Cuda

At a glance

The community member has fine-tuned the Llama3.1-8B model for the Text2SQL task and has two questions:

1) How can they load the locally saved fine-tuned model in LlamaIndex?

2) How can they use quantization to load the model on their GPU?

The community member tried pushing the model to HuggingFace and downloading it using the HuggingFace() LLM class in LlamaIndex, but the model was not loaded on the GPU.

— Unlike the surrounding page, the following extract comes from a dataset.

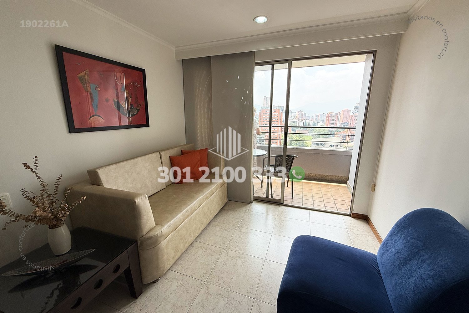19-02-261A Inmobiliaria en Medellín arrienda apartamento amoblado ubicado en el sector de la Florida en el Poblado. Cuenta con un área de 100mt2 distribuidos en sala comedor, zona ropas, habitación servicio con baño, cocina integral, balcón, baño social, 3 habitaciones, la principal de ellas con baño privado, zona estudio y parqueadero porivado. Ubicadi en unidad residencial con seguridad 24/7 y zonas comunes como salon social, zona infantil, piscina para adultos, a sus alrededores encontramos centro comercial Santa Fe, Provenza, con vías de acceso por Transversla Inferior y Transversal Intermedia, con variedad de rutas de transporte público. CONFORT GESTORES INMOBILIARIOS – Arriendo en el Poblado

In the comments, other community members suggest:

Checking if CUDA is installed, as it should automatically try to load the model onto the GPU.
Loading the model and tokenizer directly with HuggingFace and putting them on the GPU themselves, then passing them to the HuggingFaceLLM class.
Providing an example code snippet for loading the model with quantization.

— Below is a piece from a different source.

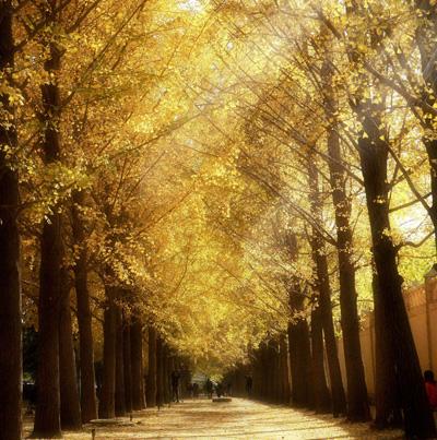 釣魚臺(tái)的銀杏大道是一處聞名北京的美景,個(gè)人認(rèn)為她的壯觀與美麗遠(yuǎn)勝于香山紅葉,深秋季節(jié),金黃的銀杏葉灑落一地,你也許會(huì)感慨,原來落葉也可以用燦爛來形容……

There is no explicitly marked answer in the comments.

AAlwin

Hello,

I fine-tuned Llama3.1-8B for the Text2SQL task, and now I have two questions:

1) How can I load the locally saved finetuned model in LlamaIndex?
2) How can I use quantization to load the model on my GPU?

I tried pushing the model to HuggingFace and downloading it using the HuggingFace() LLM class in LlamaIndex (such as the other LLMs); however, the model is not loaded on the GPU.

6 comments

LLogan M

Do you have cuda installed? It should automatically try to load it onto gpu

AAlwin

Yes I have, It works with other HF LLMs.

LLogan M

Try loading the model and tokenizer directly with huggingface and putting it on gpu yourself, then pass it in

HuggingFaceLLM(model=model, tokenizer=tokenizer, ...)

LLogan M

Then you know it's loaded the way you want 🤷‍♂️

AAlwin

I use this:

"My_FT_Model = "Alwiin/Llama-3.1-8B-Instruct-FT-Text2SQL"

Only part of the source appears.